Jordan is not a disaster in the making.

Jordan is one of the wisest people I have EVER met. I learn so much from him. He’s been one of my alchemists since his conception. He taught me how to mother.

He’s my first.

Jordan is wise, thoughtful, logical, hilarious, adventurous, emotionally intelligent, grateful, fair, honest, well-spoken, kind, smart, does NOT care what others think and is popular at his school. He does not feed into drama.  Jordan understands his worth, knows his values AND he walks in alignment with both.

He is the total opposite of his father and I at that age. Some might question if we are the people who actually raised him. When I ask Jordan his thoughts about his senior year coming to a screeching halt he says, “Mama, there is so much more for me after high school. I know everyone wants to celebrate but I am just glad it’s done. I am ready to connect with wise thinkers and for the freedom to disconnect from high school. If I could move into my college dorms early, I would. Furthermore, we are in an international crisis and there are other things far more important.”


Wisdom and the ability to think forward is NOT my experience when I was 17 years old. Emotional, dramatic and selfish was more my style.

Unfortunately, Jordan’s senior year was already hard before COVID-19. Jordan helped facilitate a walkout to draw attention to student right issues, after the abrupt cancellation of their senior season of Ultimate Frisbee. Jordan was the captain and the administration gave him the responsibility of telling his team the bad news. Jordan spoke eloquently about why his Ultimate Frisbee Team should be saved. Using his voice gave others permission to speak about their concerns with safety and mental health issues in the school. Many had felt silenced for far too long. They had a strong argument and remarkable supporting facts. He was not pleased but he was kind. The students received a local news coverage for their efforts and the article about the situation got picked up at a national level. The principal eventually backed down and reinstated the team. He never accepted responsibility nor apologized for the turmoil and that’s where he lost Jordan’s respect. The principal also tried to make himself the hero, but we all know better. Without even stepping on the field Jordan lead his teammates to victory. COVID-19 may have taken their senior season but they were already champions to many.  They fought for their right to play the game they love AND they won.

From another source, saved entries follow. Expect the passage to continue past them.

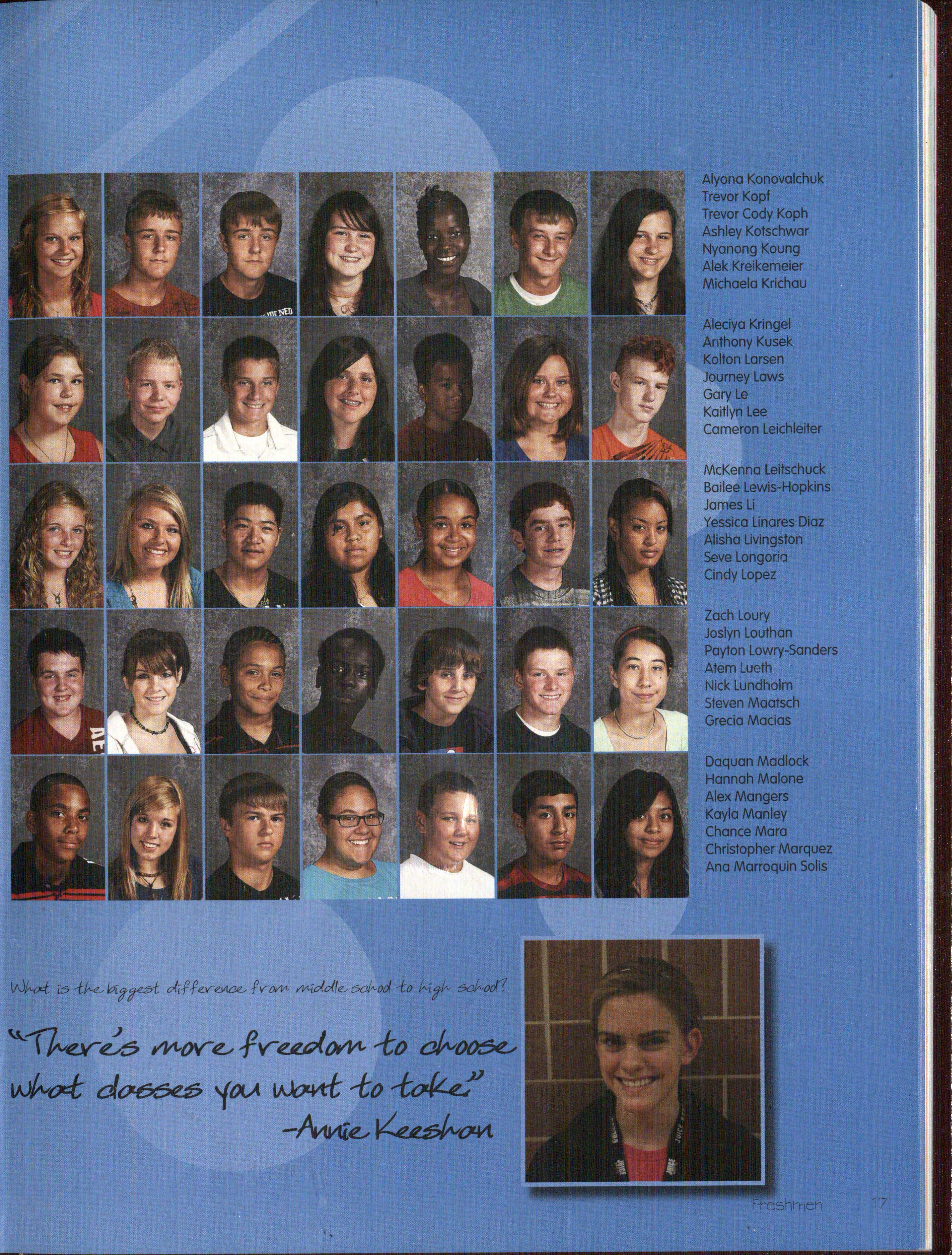 It w-as:n.'t alw-ays a smooth transition. going f'rom one school to the other, especru]y w-h.e:n. you. ma.de the big ju.mp f'rom middle school to high school. 'rh.e experience could be f'u.:n., stressf'ul, difficult, a:n.d f'or some easy. 'T t w-as a:n. easy transition. f'or me: t.h.e classes w-ere a lot easier to fi :n.d th.en. ;r th.ought they w-ould be," Je:n.:n.i lv1:oo:n. (9) ex:plai:n.ed, 'T th.ink t.h.e thought of' being a part of' a large student body is ex:citingr lv1:oo:n. played on the JV sof'tball tea:rn. in t.h.e spring and also swru:n f'or N ort.h. Star ::E-Ier goals f'or the year w-ere to letter in. S'Nirnming, have all A's, and just have a good f'resh.r:na:n. ex:per~e:n.ce.
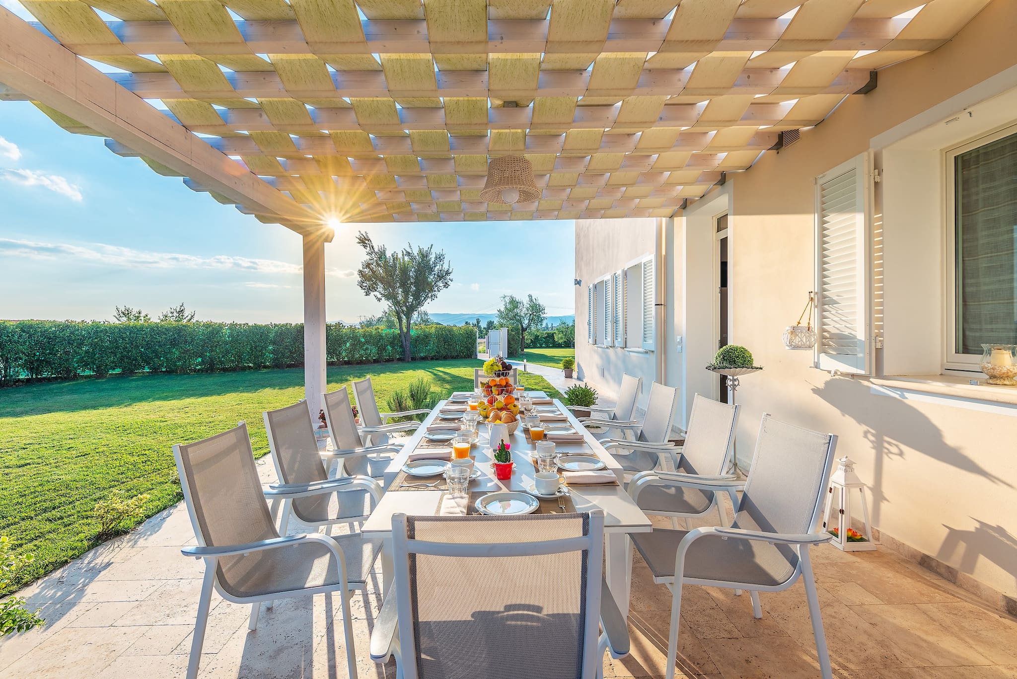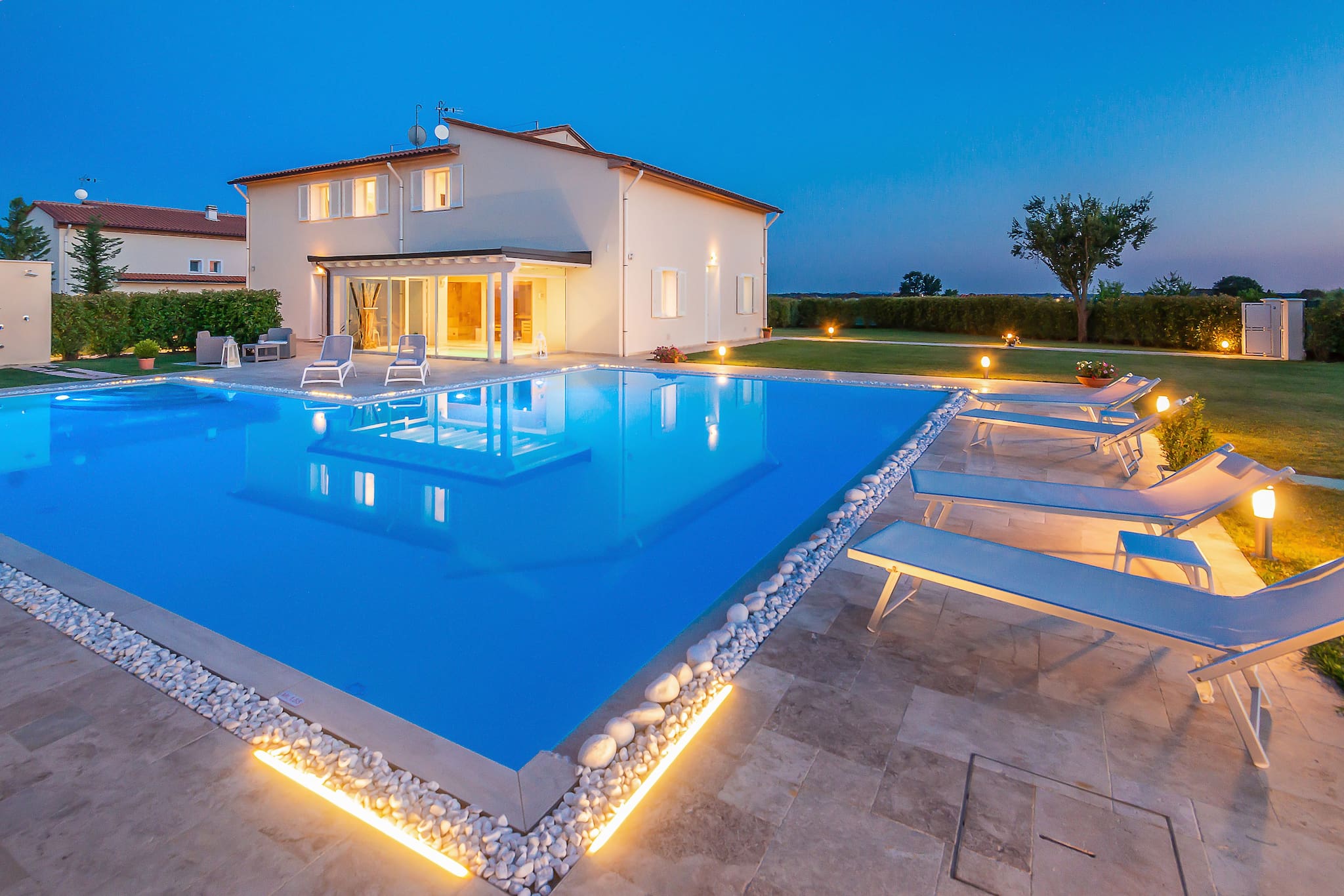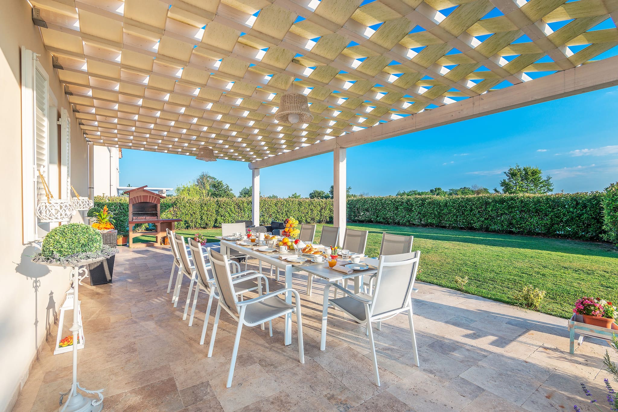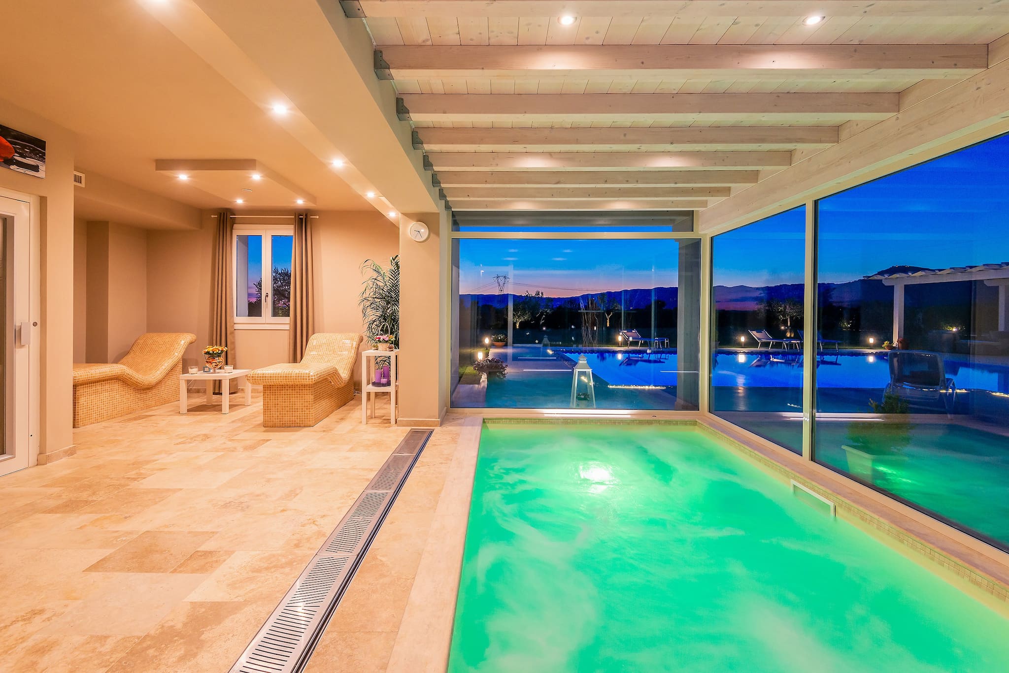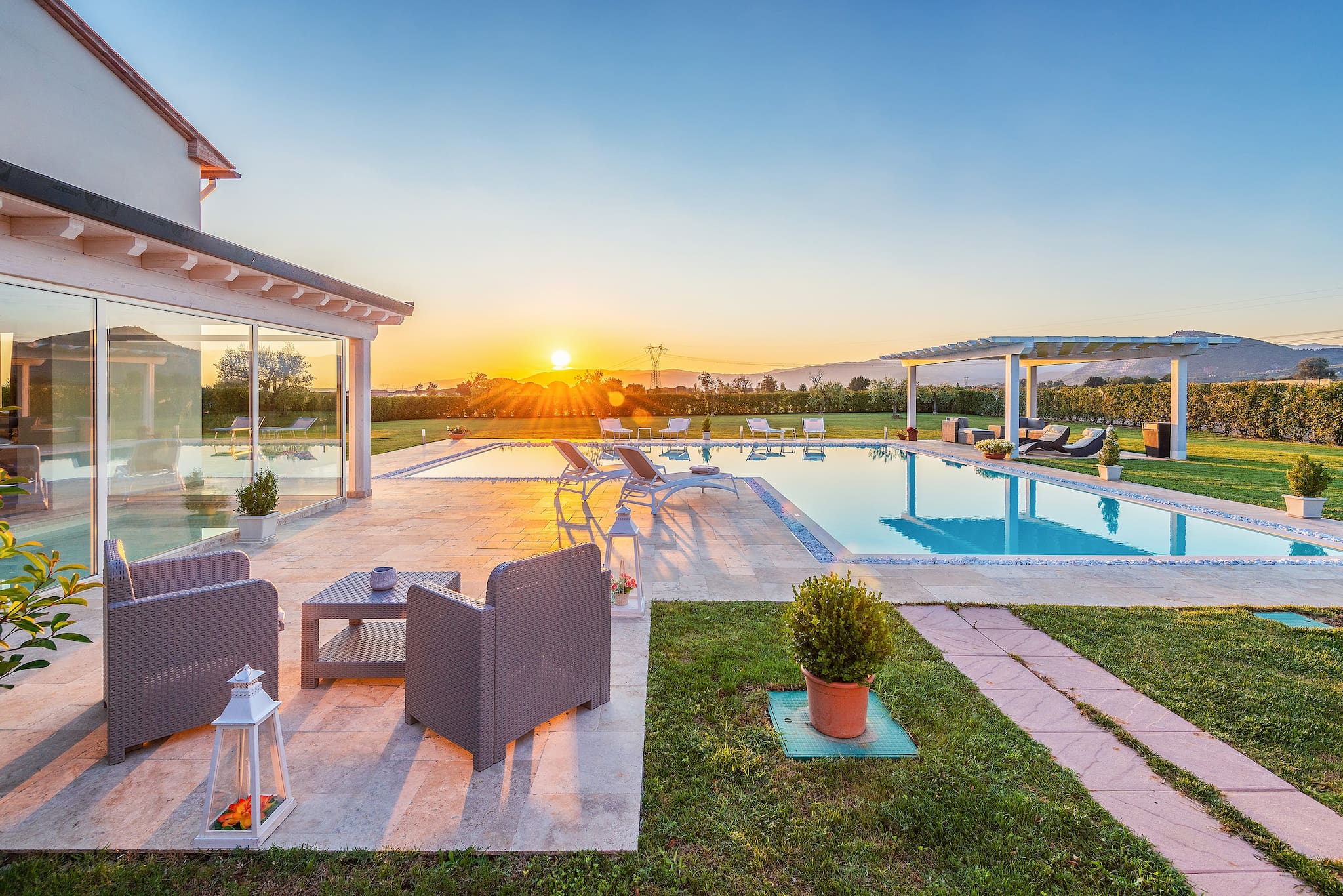 Thanks to the wooden pergola with curtains the lounge areat beside the pool is perfect for moments of relax, with a good book and a prosecco.
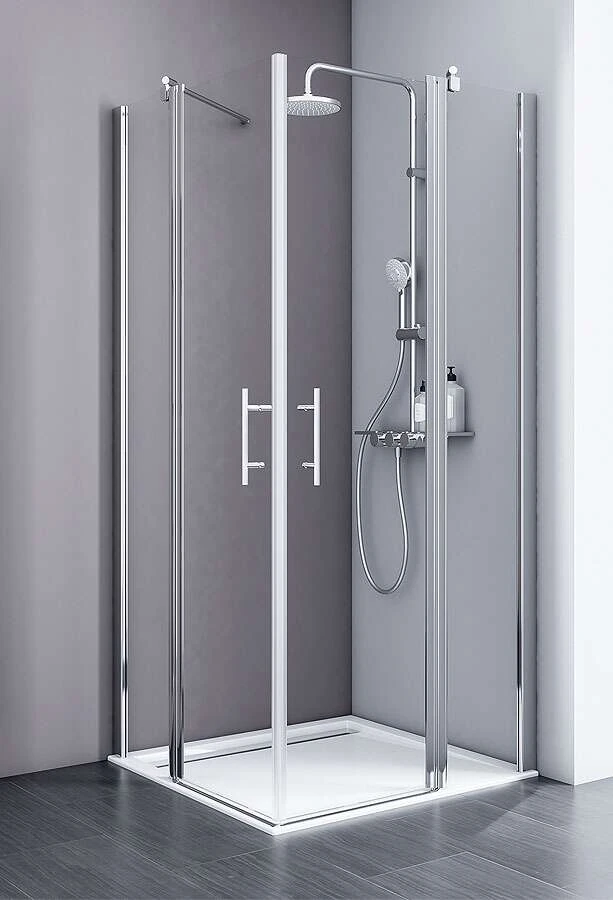 Eine Duschkabine im Standardmaß wird immer kürzer als angegeben gefertigt, z.B. ca. 860 mm statt 900 mm. Fordern Sie vor der Bestellung Ihren passenden Fliesenspiegel an.
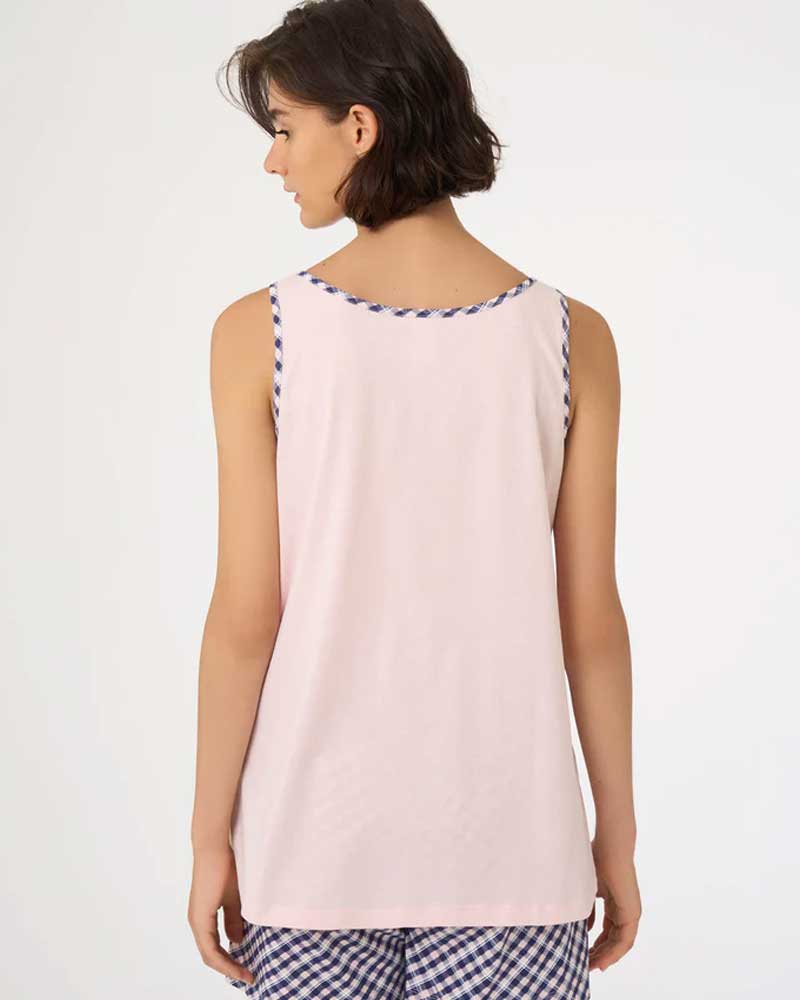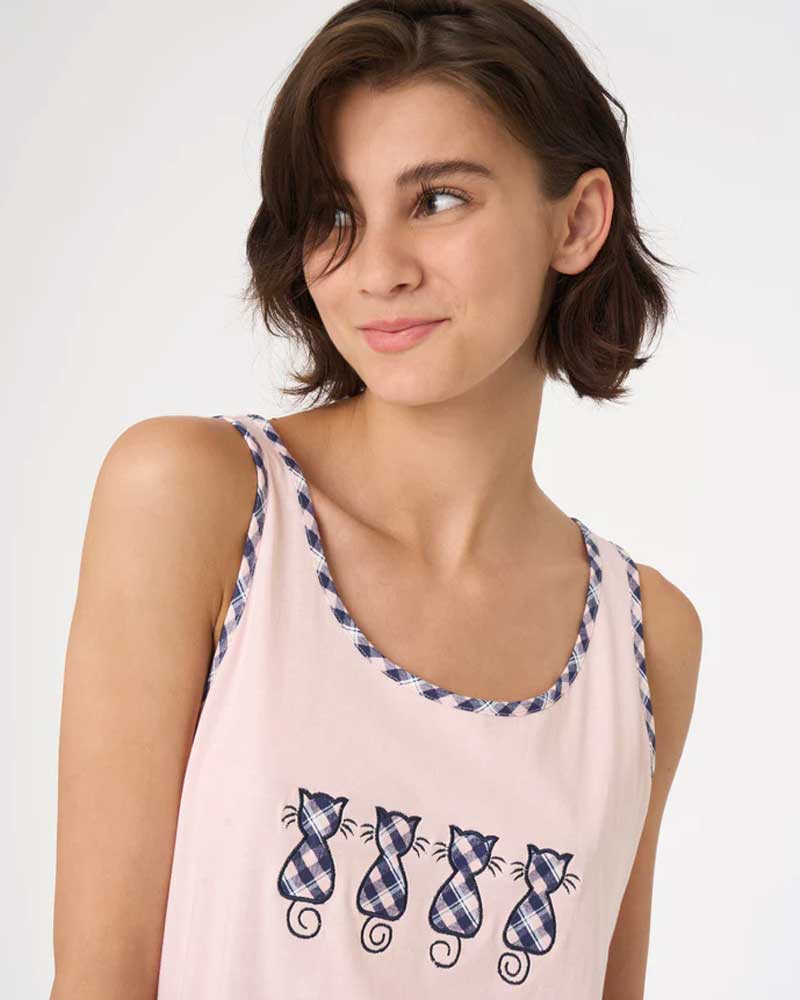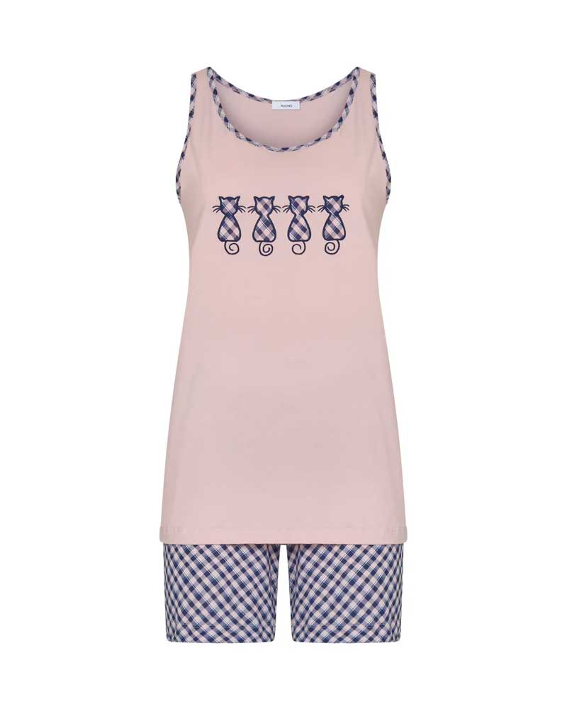 Il pigiama corto da donna a spalla larga DF97NA di Ragno è un mix di comfort e stile. La canotta a tinta unita è presentata con bordi a contrasto in stampa check e gattini sulla parte centrale del capo, creando un mix di colori e fantasie che renderanno le notti ancora più divertenti e spensierate.

I pray that the CIVA Raven’s Boys Ultimate Frisbee team of 2020 takes this moment with them with them forever. Your voice matters, always.  Jordan I pray YOU never forget, “son your voice matters always.”

It is understandable that many kids are bummed about missing out on all their “lasts” for senior year, but with my senior what I have come to realize is the early end of senior year was a blessing for many.

I’m sad. I had my own dreams for the senior year of my first born. I was excited about prom and senior breakfast. I pictured half of the auditorium filled with our friends and family cheering, as he took his diploma in hand. A celebratory graduation camp out on our property, canceled. I know he’s ok with it, but I am not. “They can literally send my diploma by email,” he tells me and my heart sinks further.

I wanted to show the world that I, Racquel Loud, giant screw up can and did raise a functioning human being. See, y’all I did it!

The truth is that Jordan was always going to be great. Jordan was born great. The only thing I really did was get my shit together and NOT fuck it up. What’s become so apparent to me is that by simply sharing our story, I am sharing with the world how amazing he is. This story tells far more about him than the diploma would have anyway.

I am proud of you Jordan. Thank you for being gracious and accepting the gift from Heidi on Saturday. I am requiring a photograph of you in your cap and gown but we will celebrate YOUR graduation, however you see fit because Son, your voice matters.

We love you always and forever no matter what.